* [The task]:
Output the data below only from the line containing "Der Süd-Balkon besticht" up to and including the line containing "I de tre byggene", exact and with the pictures left out.

* [Given data]:
============================================================

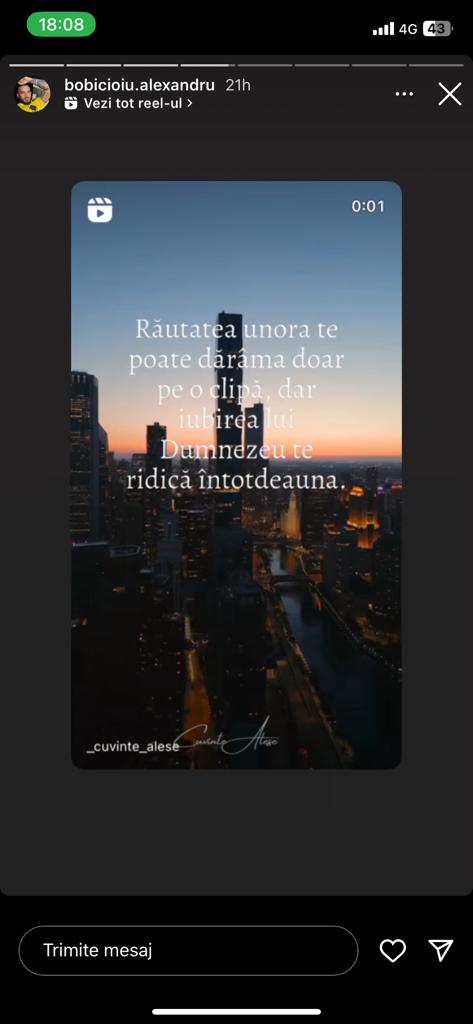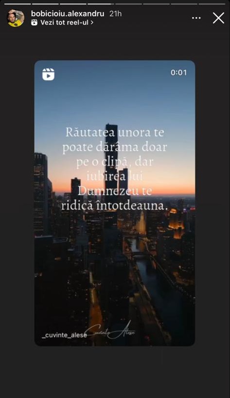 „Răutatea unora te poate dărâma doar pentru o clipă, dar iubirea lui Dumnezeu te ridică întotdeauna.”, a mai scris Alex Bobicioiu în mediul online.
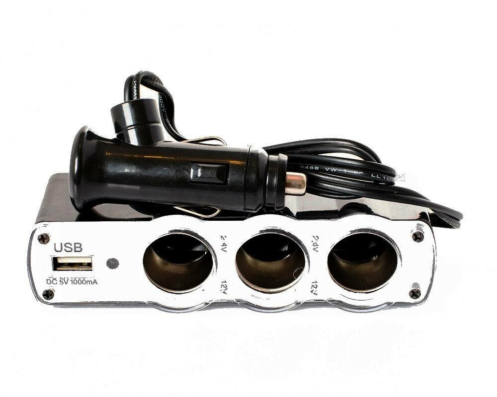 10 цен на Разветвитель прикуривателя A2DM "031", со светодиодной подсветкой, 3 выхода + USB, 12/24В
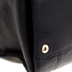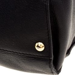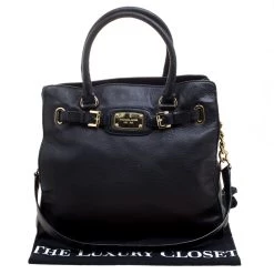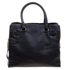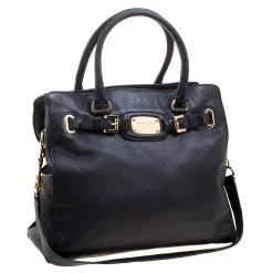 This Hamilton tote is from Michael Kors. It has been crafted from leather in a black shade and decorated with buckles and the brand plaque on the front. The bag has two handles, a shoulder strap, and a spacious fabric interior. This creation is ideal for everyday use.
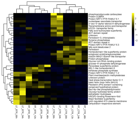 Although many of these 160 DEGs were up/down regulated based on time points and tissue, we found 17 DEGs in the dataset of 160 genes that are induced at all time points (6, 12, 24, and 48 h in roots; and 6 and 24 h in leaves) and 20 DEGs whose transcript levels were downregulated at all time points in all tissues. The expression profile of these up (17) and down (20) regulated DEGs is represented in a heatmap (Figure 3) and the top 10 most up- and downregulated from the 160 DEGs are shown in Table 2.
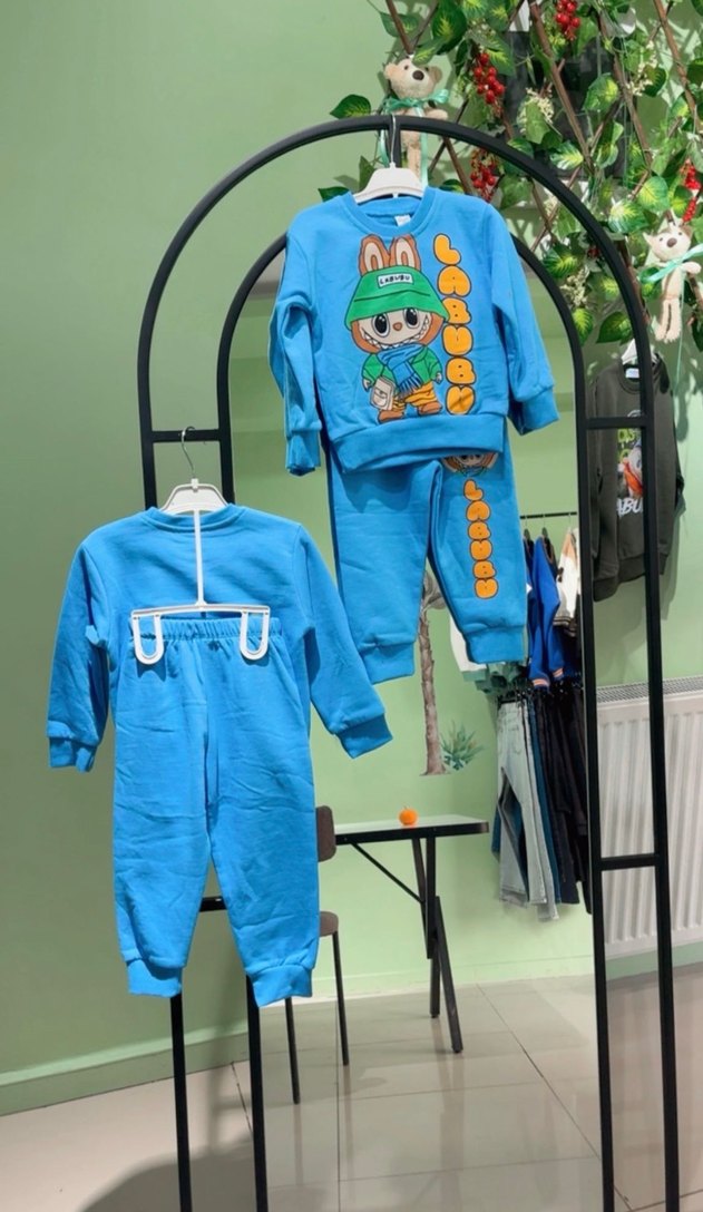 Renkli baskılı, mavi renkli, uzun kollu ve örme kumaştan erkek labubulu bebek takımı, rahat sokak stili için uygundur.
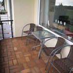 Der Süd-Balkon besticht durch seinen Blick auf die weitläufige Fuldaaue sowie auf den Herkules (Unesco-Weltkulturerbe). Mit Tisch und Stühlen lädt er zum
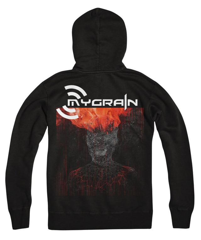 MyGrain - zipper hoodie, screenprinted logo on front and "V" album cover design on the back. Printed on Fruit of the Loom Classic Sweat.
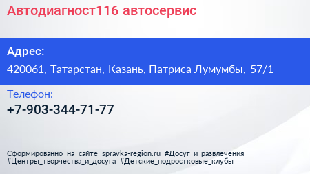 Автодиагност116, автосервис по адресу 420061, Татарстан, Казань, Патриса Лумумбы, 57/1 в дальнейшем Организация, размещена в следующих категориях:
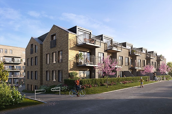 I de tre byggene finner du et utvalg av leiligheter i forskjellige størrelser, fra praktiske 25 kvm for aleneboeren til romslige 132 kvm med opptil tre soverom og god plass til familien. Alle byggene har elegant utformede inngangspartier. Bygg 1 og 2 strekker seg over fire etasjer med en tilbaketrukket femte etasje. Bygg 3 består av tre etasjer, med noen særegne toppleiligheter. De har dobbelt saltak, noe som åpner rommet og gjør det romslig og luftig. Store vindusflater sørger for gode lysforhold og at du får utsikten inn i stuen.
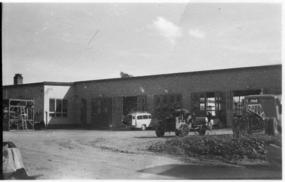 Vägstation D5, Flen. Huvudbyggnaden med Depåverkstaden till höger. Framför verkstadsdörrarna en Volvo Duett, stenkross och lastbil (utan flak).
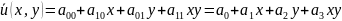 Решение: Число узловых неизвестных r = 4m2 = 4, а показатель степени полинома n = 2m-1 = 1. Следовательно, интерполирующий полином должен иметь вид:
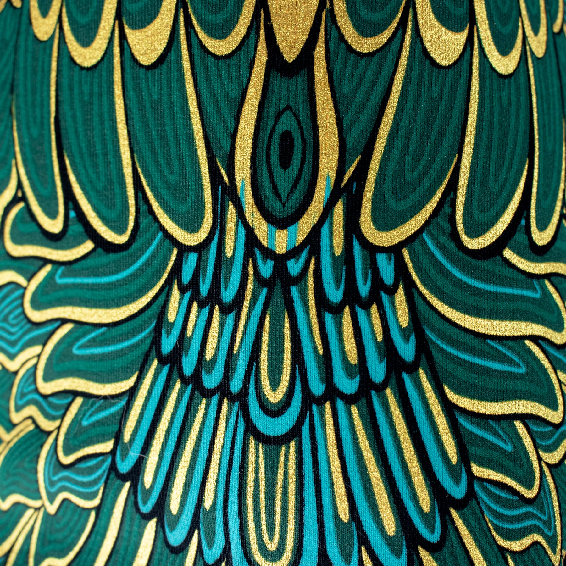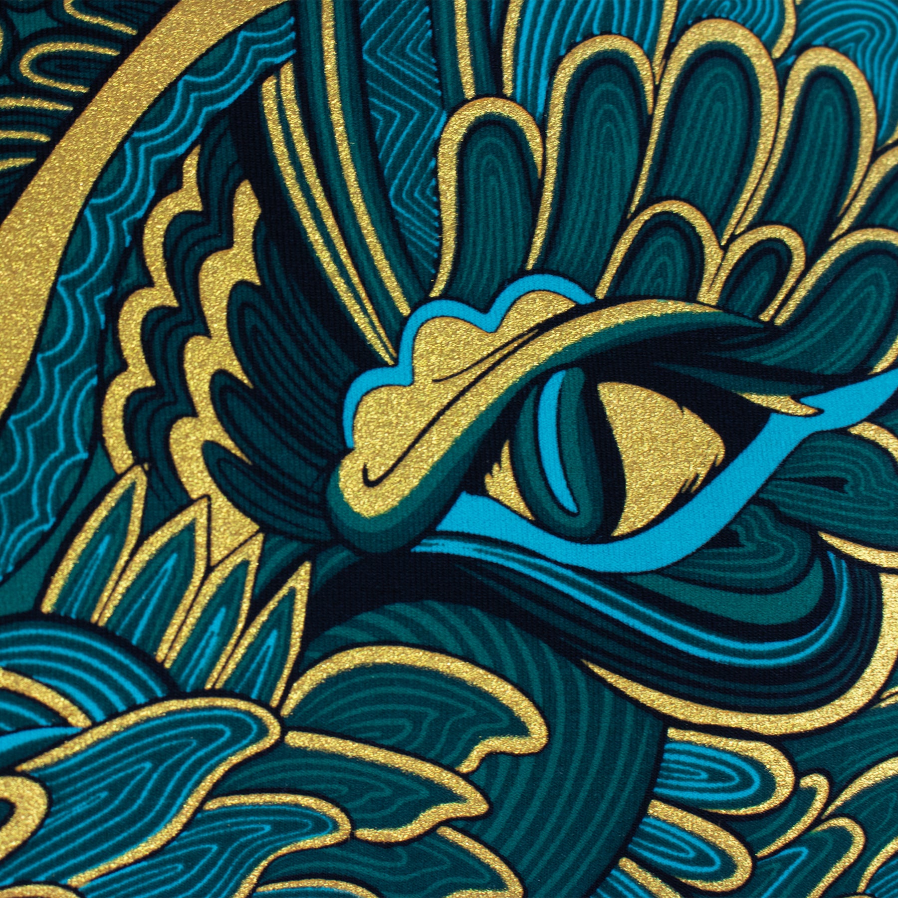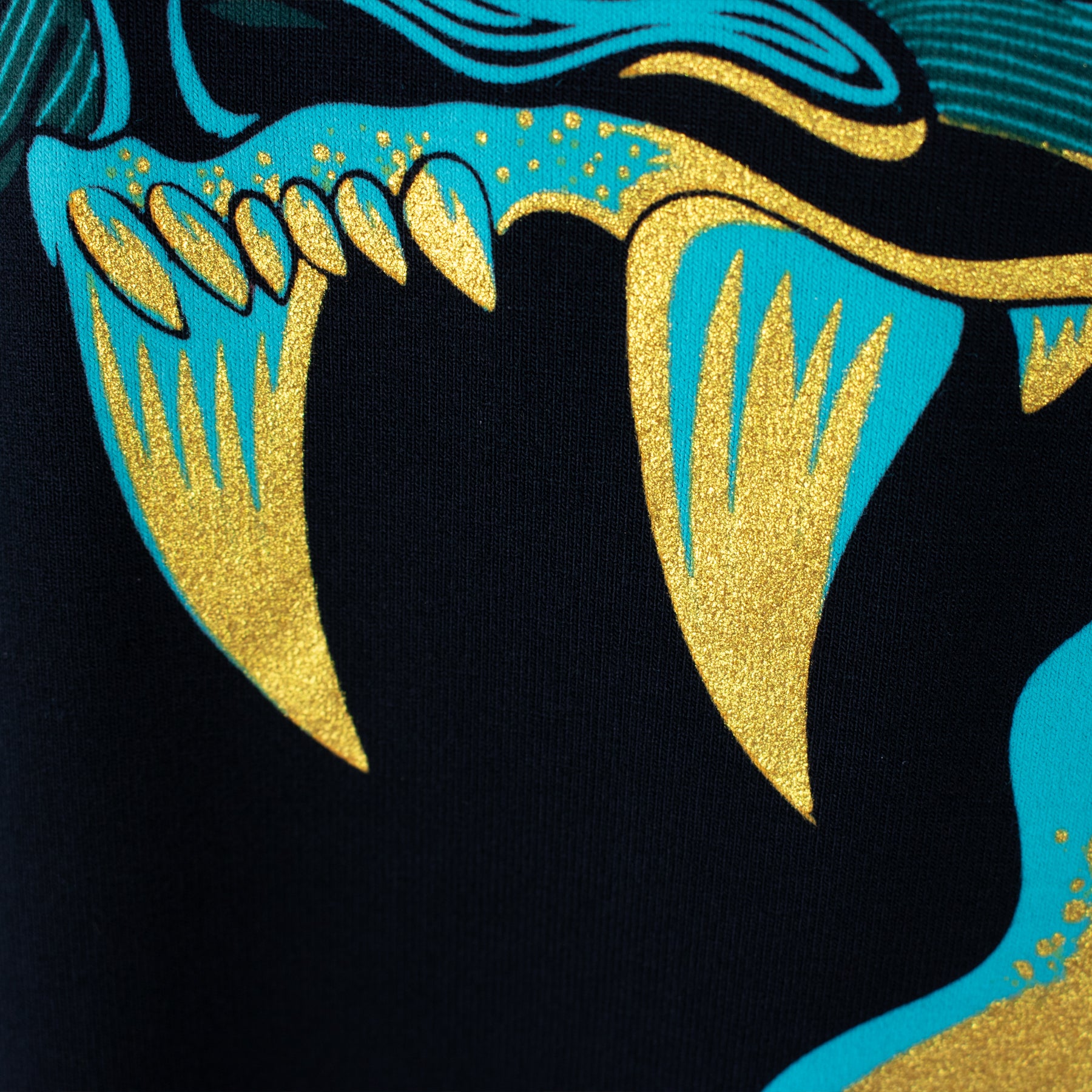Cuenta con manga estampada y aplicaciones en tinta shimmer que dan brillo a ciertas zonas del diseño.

============================================================

* [Task answer]:
 Der Süd-Balkon besticht durch seinen Blick auf die weitläufige Fuldaaue sowie auf den Herkules (Unesco-Weltkulturerbe). Mit Tisch und Stühlen lädt er zum
 MyGrain - zipper hoodie, screenprinted logo on front and "V" album cover design on the back. Printed on Fruit of the Loom Classic Sweat.
 Автодиагност116, автосервис по адресу 420061, Татарстан, Казань, Патриса Лумумбы, 57/1 в дальнейшем Организация, размещена в следующих категориях:
 I de tre byggene finner du et utvalg av leiligheter i forskjellige størrelser, fra praktiske 25 kvm for aleneboeren til romslige 132 kvm med opptil tre soverom og god plass til familien. Alle byggene har elegant utformede inngangspartier. Bygg 1 og 2 strekker seg over fire etasjer med en tilbaketrukket femte etasje. Bygg 3 består av tre etasjer, med noen særegne toppleiligheter. De har dobbelt saltak, noe som åpner rommet og gjør det romslig og luftig. Store vindusflater sørger for gode lysforhold og at du får utsikten inn i stuen.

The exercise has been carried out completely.